Kaliforniya Üniversitesi San Francisco (UCSF) tarafından gerçekleştirilen ve JAMA Network Open dergisinde yayınlanan araştırma, sosyal medya kullanım süresinin artmasının çocuklarda depresyon belirtilerinde de aynı oranda bir artışa yol açtığını ortaya koydu.
Çalışma, depresif çocukların sosyal medya üzerinde daha fazla zaman geçirdiğine dair herhangi bir ters ilişkide bulunmadı.
ÇARPICI BULGULAR
Üç yıl süresince yürütülen bu araştırmada, çocukların günlük sosyal medya kullanım süreleri 7 dakikadan 73 dakikaya kadar yükseldi.

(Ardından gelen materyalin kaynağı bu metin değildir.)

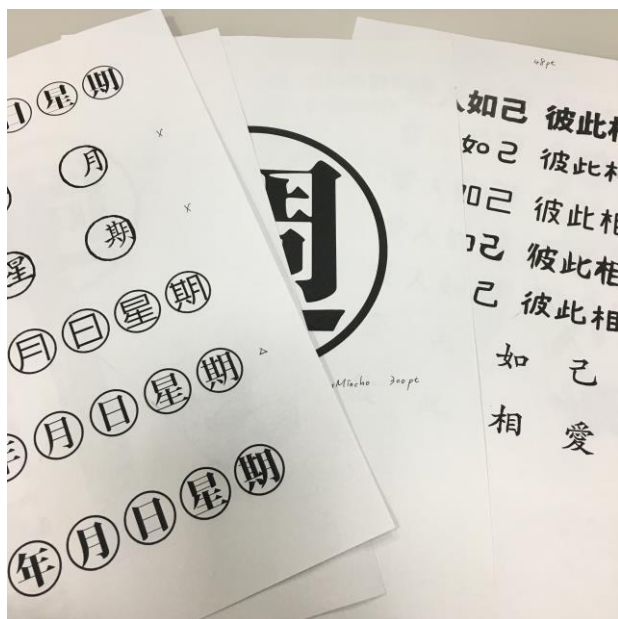
右圖：正式製作班級標語之前，將各種方案呈現，與班導師討論與決定的草圖。

由於開學後不久，就是班級布置的競賽，因此同學們也組成了小組來分工合作，同時，班導師也請我來協助標語製作的部分，如選字型、列印護貝等工作。我本身對平面设计有相當的興趣與實務經驗，因此我樂意將自身專長運用在班級布置工作上，並與班導師討論相關的點子，共同將美感帶進同學們的日常生活。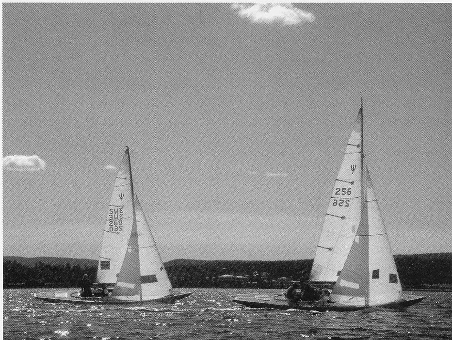
Pokalvinnarna i 260 samt blivande SM-tvåan i 256

Söndagen bjöd på sol och lätta vindar. Per-Arne och Mikael i 269 ångade på med en 3:e och 4:e plats och bärgade därmed en helt överlägsen SM-seger med ett avstånd till tvåan 256 Hellgren/Lundqvist på hela 18 platspoäng, trea blev Nisse Virving i 265.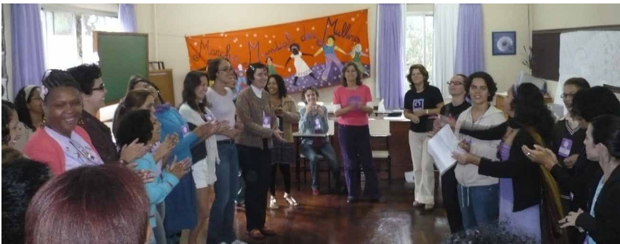
Commissions ont été mis em horaire de travail et de préparation par le progrès du Brésil vers 2010.

Aynı dönemde depresyon belirtilerinin yüzde 35 oranında arttığı gözlemlendi.
Araştırmanın başyazarı Dr. Jason Nagata, “Sosyal medya, depresyona katkıda bulunuyor mu yoksa mevcut depresif belirtileri mi yansıtıyor, bu uzun süredir tartışılıyor. Bulgularımız, sosyal medyanın depresyon gelişimine katkıda bulunabileceğine dair önemli deliller sunuyor” şeklinde ifade etti.
Bu çalışma, çocukların zaman içerisindeki bireysel değişimlerini izleyen nadir araştırmalardan birini oluşturuyor.
Yaklaşık 12 bin çocuk, 9-10 yaşlarından 12-13 yaşlarına kadar takip edilmiş durumda.
NEDEN ETKİLİ OLDUĞU BELİRSİZ
Sosyal medyanın depresyon üzerindeki etkisinin nedenleri henüz tam anlamıyla anlaşılamamışken, önceki araştırmalar siber zorbalık ve uyku bozuklukları gibi faktörlerin risk oluşturabileceğini gösteriyor.
Nagata ve ekibi, aynı katılımcı grubunu incelediği başka bir çalışmada, 11-12 yaşındaki çocukların siber zorbalığa maruz kalmaları durumunda bir yıl içinde intihar düşüncesi veya girişimleri riskinin 2,6 kat arttığını tespit etti.
Bu çocukların madde kullanımına yönelme olasılıklarının da daha yüksek olduğu sonucuna ulaşıldı:
Uyuşturucu kullanma riski 4,65 kat,
Nikotin kullanma riski 3,37 kat,
Alkol kullanma riski ise 1,92 kat artış gösterdi.
ÇOCUKLAR İÇİN ZORUNLULUK
Araştırmacılar, çocukların sosyal medya kullanımı konusunda karmaşık bir denge içerisinde bulunduklarını belirtiyor.
Sosyal medyanın artan depresyon ve riskli davranışlarla ilişkisi bir yandan devam ederken, diğer yandan bu platformların çocukların arkadaşlarıyla iletişim kurmaları açısından önemli bir alan oluşturduğu vurgulanıyor.
Bu dengeyi sağlamak amacıyla Amerikan Pediatri Akademisi, ailelere Aile Medya Planı gibi araçları kullanarak daha sağlıklı dijital alışkanlıklar geliştirmeyi öneriyor.
Dr. Nagata, “Bir baba olarak şunu biliyorum ki, çocuklara yalnızca ‘telefonunu bırak’ demek etkili olmuyor. Ebeveynler, açık ve yargılayıcı olmayan bir iletişim kurarak örnek olmalılar. Yemek saatleri veya uyumadan önce tüm aile için ekran kullanımına bir mola vermek, sağlıklı dijital alışkanlıklar geliştirmeye katkı sağlayabilir.” şeklinde konuştu.